Field training of Israeli tanks in the Golan Heights, 2009
(photo: Rose Schneiderman)

The Israeli film Adjusting Sights - based on the book with the same title by rabbi Haim Sabato - describes the battles of Yom Kippur War (Day of Atonemet War) in the Golan Heights from the perspective of a religious gunner who had lost his best friend in the war.  In Hebrew, the term adjusting sights (TEUM KAVANOT) has double meaning: the material action of coordinating the tank cannon intentions – which is a modern meaning, and the spiritual notion of intent in prayer - which is the traditional meaning.

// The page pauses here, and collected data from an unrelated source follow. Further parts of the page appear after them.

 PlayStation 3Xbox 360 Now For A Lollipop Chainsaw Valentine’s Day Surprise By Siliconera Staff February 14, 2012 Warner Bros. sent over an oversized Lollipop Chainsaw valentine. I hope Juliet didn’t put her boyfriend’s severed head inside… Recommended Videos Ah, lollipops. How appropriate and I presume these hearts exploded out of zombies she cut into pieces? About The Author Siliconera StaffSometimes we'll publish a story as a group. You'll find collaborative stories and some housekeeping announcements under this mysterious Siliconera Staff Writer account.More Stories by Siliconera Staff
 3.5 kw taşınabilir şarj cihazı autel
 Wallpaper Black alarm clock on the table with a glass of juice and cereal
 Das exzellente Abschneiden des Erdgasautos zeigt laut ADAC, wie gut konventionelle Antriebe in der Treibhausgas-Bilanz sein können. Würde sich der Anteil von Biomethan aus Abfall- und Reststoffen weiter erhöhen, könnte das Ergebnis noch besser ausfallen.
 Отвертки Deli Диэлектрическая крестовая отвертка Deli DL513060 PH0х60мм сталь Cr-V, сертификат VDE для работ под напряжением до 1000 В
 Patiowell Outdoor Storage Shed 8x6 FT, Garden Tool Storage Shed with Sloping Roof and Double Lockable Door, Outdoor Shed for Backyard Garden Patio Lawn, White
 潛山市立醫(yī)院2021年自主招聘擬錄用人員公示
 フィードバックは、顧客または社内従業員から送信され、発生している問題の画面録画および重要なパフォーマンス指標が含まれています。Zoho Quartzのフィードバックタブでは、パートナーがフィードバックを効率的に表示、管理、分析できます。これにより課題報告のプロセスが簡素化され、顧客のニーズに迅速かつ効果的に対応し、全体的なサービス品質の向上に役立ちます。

Although it is an understatement and non-frenzy film, with subdued and quiet acting and soft like a coo background music - Adjusting Sights sweep its viewers precisely because it doesn't fall into the abyss of depression on the one hand and doesn't rise up to the heights of ecstasy on the other hand. Just as Maimonides, who is constantly  quoted by the protagonist, recommended: One should choose the golden mean - not to be rolled down to depression on the one hand and not to be carried away to euphoria on the other hand.

photo: www.tobypress.com
In the transition from book to film, the director Eyal Halfon well  used the opportunity to express subtle differences between secular and religious Israelis by different body language and diction - beyond the differences in the content of their associations, which literature can express no less delicately than cinema. When the documentation officer and his assistant arrive to the camp to investigate and interview the soldiers, each soldier has his own manner to sit down, start speaking and spell his guts, but when the religious soldier opens his words with the verse "My Lord, open my lips that my mouth may declare your glory" (Psalms, 51, 17) and in the background the assistant's typewriter is ticking – the army tent is filled with the special religious respect to the written word.

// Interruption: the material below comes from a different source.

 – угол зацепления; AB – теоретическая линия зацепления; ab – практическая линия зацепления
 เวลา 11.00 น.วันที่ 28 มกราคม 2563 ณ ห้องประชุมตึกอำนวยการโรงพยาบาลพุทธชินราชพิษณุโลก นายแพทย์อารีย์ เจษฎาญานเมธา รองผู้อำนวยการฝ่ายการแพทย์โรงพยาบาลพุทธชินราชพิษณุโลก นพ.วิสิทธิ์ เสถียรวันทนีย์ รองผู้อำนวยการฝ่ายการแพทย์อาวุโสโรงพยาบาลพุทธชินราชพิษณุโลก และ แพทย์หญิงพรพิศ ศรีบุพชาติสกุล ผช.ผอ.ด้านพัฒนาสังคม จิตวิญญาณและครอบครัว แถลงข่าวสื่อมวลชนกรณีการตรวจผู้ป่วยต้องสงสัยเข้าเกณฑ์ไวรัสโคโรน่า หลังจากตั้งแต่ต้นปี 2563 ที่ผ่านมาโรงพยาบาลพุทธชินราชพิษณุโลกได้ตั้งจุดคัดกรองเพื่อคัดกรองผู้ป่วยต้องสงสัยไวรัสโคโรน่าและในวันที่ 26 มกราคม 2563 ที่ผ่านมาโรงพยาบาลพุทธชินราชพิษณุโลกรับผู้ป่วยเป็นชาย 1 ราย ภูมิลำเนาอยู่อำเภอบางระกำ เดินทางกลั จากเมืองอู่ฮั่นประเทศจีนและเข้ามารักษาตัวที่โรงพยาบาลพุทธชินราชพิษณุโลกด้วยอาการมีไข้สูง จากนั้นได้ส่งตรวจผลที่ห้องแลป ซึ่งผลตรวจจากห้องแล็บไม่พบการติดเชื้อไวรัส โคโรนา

It is accepted that written literature has more emotional and intellectual potency than cinema – due to the deeper penetration of the verbal tool to the characters' souls and minds and due to the force the written medium put upon the reader to stimulate his imagination in completing visual details and take an active role in the artistic experience. Still, there is also and advantage of the movie over the book: In this movie, all along, we share with the characters the gap between the vitality of memory - the re-experienced experience while being reconstructed in the mind – and the dryness of things being documented, typewritten in a typewriter, and by the documentation officer are well dated and adapted to the military documentation rules. In the book, made of merely written words, these two layers unite in one but in the film they run a constant dialogue between them.

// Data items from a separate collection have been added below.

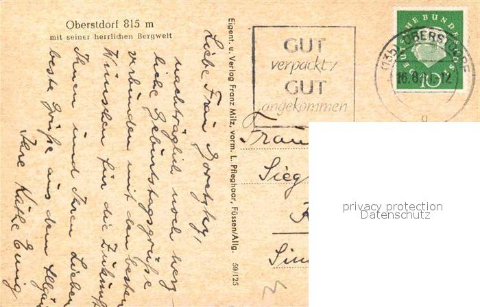 72643800 alte Postkarte Oberstdorf Alpenpanorama postalisch gelaufen Erhaltung siehe scans [FriedD77] KatCode: 11110009780133
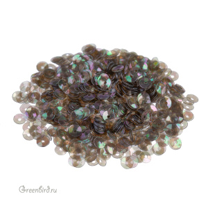 Пайетки чаша (100% полиэстер), используются в декоративной вышивке. Цвет: серый, эффект Irise Transparenti, размер: 4 мм. Производство: Италия. Цена указана за 3 грамма (примерно 1000 штук).
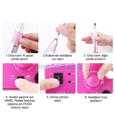 Ürünün kullanımı için üçüncü fotoğrafta yer alan talimatları sırasıyla uygulayabilirsiniz. Ürünün motoru üzerine uç takıldığı zaman çalışmaktadır. Bu nedenle çalıştırmadan önce lütfen kullanacağınız ucu motora bağlayınız ve daha sonar çalıştırınız.
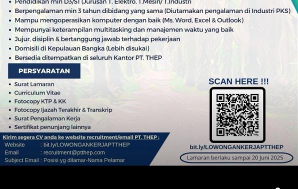 PT THEP-Bangka membuka kesempatan kerja untuk posisi:
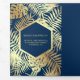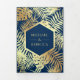 Convite Com Dobra Tripla Casamento Tropical de Palma de Azul marinho e Folh
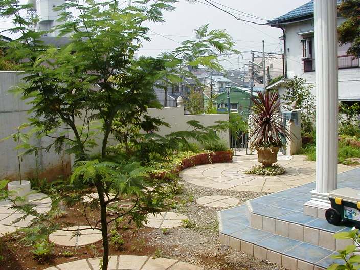 中心には、ポットに植えた観葉植物、バードバスも設置。
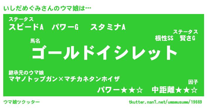 | ヒーロー風カッコイイあだ名 | 『スーパーイシダメグミ』『黄金騎士イシ』 |
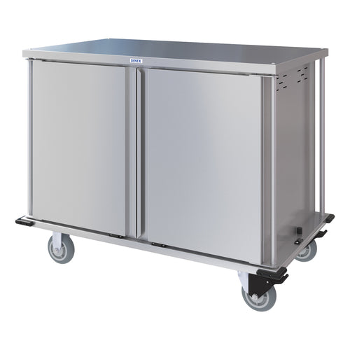 TQ Compact Meal Delivery Cart, (2) door, 2-compartment, 41-9/10"H, enclosed, (24) tray capacity, designed to hold multiple tray sizes (12" x 19", 12" x 20", 14" x 18", 15" x 20" & DXRST152003), 4-3/4" tray height spacing, two trays per slide, vertical push handles, vented side panels, gravity locking door with door stop, corner bumpers, (4) 6" Performa casters (2 rigid, 2 swivel with Tech lock brakes) with noise suppression bearing covers, stainless steel construction, NSF, Made in USA

The cinematic clothing of Adjusting Sights is of special importance with regard to the view of life of young secular Israelis, since it might dim a bit the image of the young religious warrior whom they usually encounter. Things written by a young participant of one of the book discussion groups in the Hebrew internet might testify for that:

"Last week I found the book Adjusting Sights by Haim Sabato at the Hebrew Book Week fair… It seemed to me appropriate to read it on Yom Kippur…. Yom Kippur has not yet come but I have already read the whole book... The uniqueness of the book is the biography of its author as a yeshiva student, so the text is full of quotations from the Prayer Book and from the Talmud, and the daily atmosphere being depicted is therefore religious. Perhaps a radical heretic person would be revolted by the book, but I prefer to look at this aspect of the book from the human perspective rather than from the religious one. The author, for example, tells about his strictness and piety in putting on tefillin, every day of his life. During the war, when leaving a damaged tank, his small bag of tefillin was left there. Towards evening time his battalion team is returning to the tank, and our protagonist finds his tefillin and quickly put them on before sunset. To me, more than it is a religious act it is an act of holding tightly on the blessed routine in the chaos of war, the author's own way to maintain sanity".